Now, my network has two branches, one of which is the normal ResNet50 and the other branch is forked from the third convolution block of ResNet50. In the latter branch, I set some operations, one of which is as follows.
# https://github.com/yanx27/3DGNN_pytorch/blob/b5e0188e56f926cff9b2c9a68bedf42cb3b42d2f/models.py#L340
# adapted from https://discuss.pytorch.org/t/build-your-own-loss-function-in-pytorch/235/6
# (x - y)^2 = x^2 - 2*x*y + y^2
def get_knn_indices(self, batch_mat, k):
r = torch.bmm(batch_mat, batch_mat.permute(0, 2, 1))
N = r.size()[0]
HW = r.size()[1]
if self.use_gpu:
batch_indices = torch.zeros((N, HW, k)).cuda()
else:
batch_indices = torch.zeros((N, HW, k))
for idx, val in enumerate(r):
# get the diagonal elements
diag = val.diag().unsqueeze(0)
diag = diag.expand_as(val)
# compute the distance matrix
D = (diag + diag.t() - 2 * val).sqrt()
topk, indices = torch.topk(D, k=k, largest=False)
batch_indices[idx] = indices.data
return batch_indices
I think __get_knn_indices is non-differentiable, which may cause the parameters of this branch not to be updated when backpropagating.
So, I have some questions:
How can I tell if my thoughts are correct?
Is there a way to visualize the gradient path of the back propagation of the entire network? If there is any, it is estimated that my first problem can be easily solved.
I am working on implementing this as well. At what point during the training should you check for the gradient?
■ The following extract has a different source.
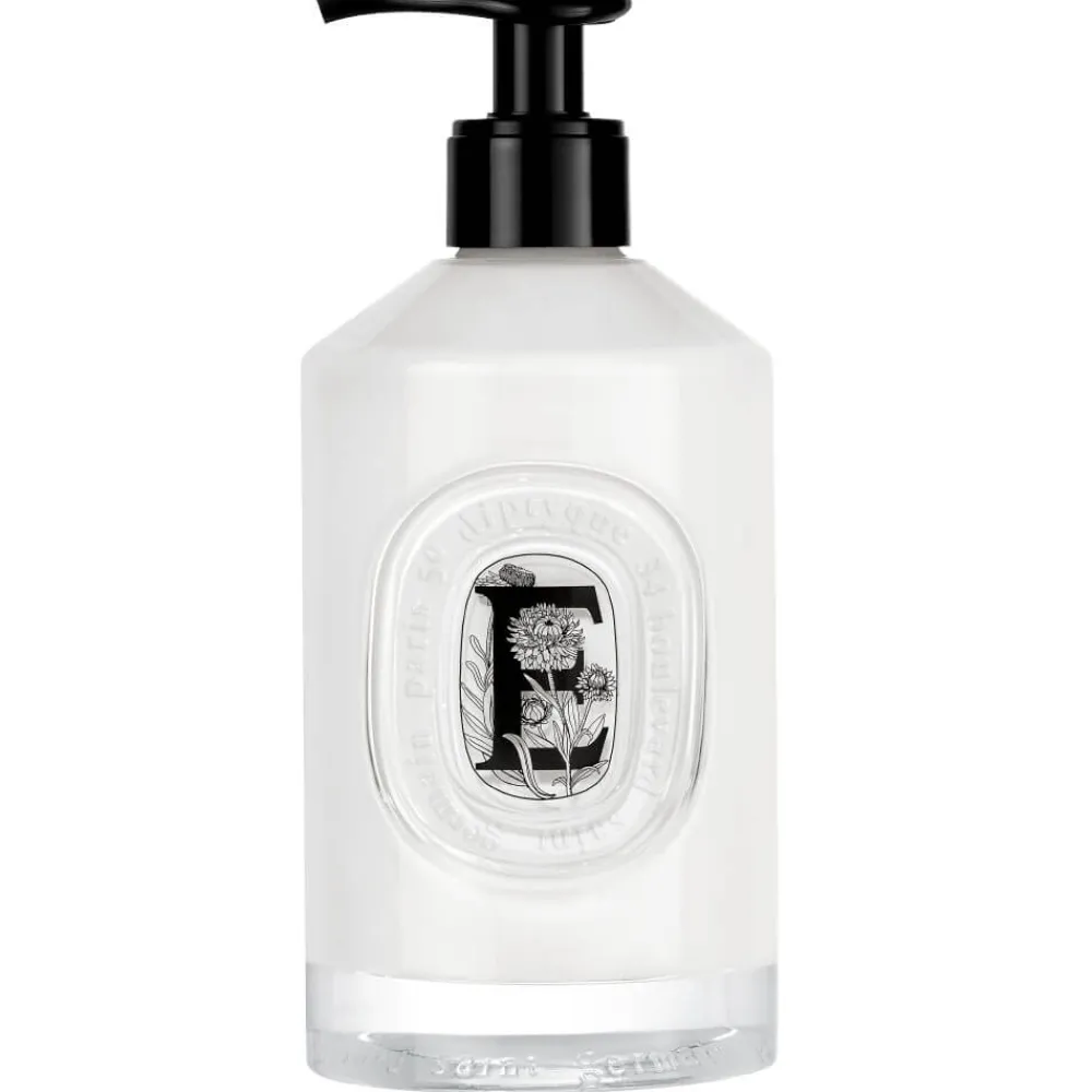 Der große Glasflakon der Diptyque Samtweiche Handemulsion beeindruckt durch seine elegante und klare Form. Das transparente Glas gibt den Blick auf die cremige, elfenbeinfarbene Emulsion frei, während der schwarze Pumpverschluss für eine einfache Handhabung sorgt. Der stilisierte, ovale Aufkleber mit botanischen Illustrationen verleiht dem Flakon eine subtile, klassische Note, die die Verbindung zur Natur kunstvoll unterstreicht. Dieser Nachfüllflakon vereint Funktionalität mit einem ansprechenden, zeitlosen Design, das sich harmonisch in jedes Ambiente einfügt und dabei stets einen Hauch von Luxus ausstrahlt.

Currently, I am checking at the end of each epoch by iterating through my models parameters and calling the variable .grad As shown in code below. However, for some reason when I visualize it in Tensorboard all my layers have zero gradients, even though the histograms show that the weights and bias are changing.
loss.backward()
optimizer.step()
optimizer.zero_grad()
for tag, parm in model.named_parameters:
writer.add_histogram(tag, parm.grad.data.cpu().numpy(), epoch)